In B drinking cases it is virtually impossible to prove by direct evidence that the females received a commission or remuneration, and in most cases the State must rely upon circumstantial evidence in support of this fact. State v. Almerico, 232 La. 847, 95 So.2d 334 (1957).
In this case the differential in price is not alone sufficient circumstantial evidence of remuneration to the females, since they could well have ordered a type of drink whose posted price was higher than that ordered by the officers.

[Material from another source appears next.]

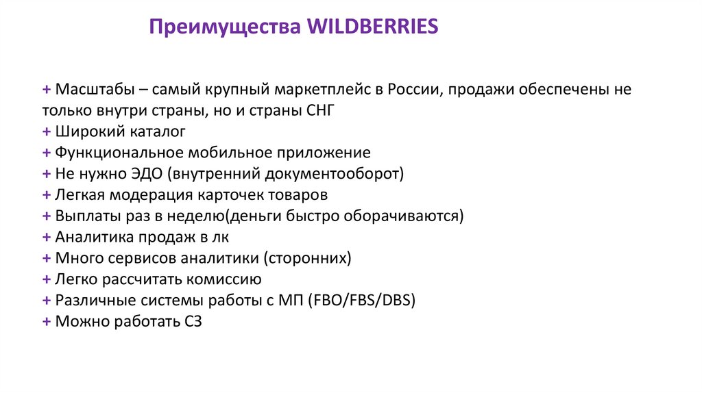 Преимущества WILDBERRIES+ Масштабы – самый крупный маркетплейс в России, продажи обеспечены не

However, the additional facts that (1) Maria was also employed as a waitress; (2) Maria told the officers that she was a dancer in the Blue Angel; (3) the females solicited two rounds of drinks from the officers; (4) a round of drinks appeared without being ordered; and (5) the events occurred within a very brief period of time support the conclusions that the females were not rendering their services gratuitously, that at least one was an employee and the other a permittee, and that they did actually receive remuneration for their efforts in violation of the statute.
Accordingly, the judgment of the district court, as amended by us, is affirmed.
Affirmed.
. See LSA-R.S. 26:106; Wimberly v. White, 54 So.2d 869 (La.App. 1 Cir.1951).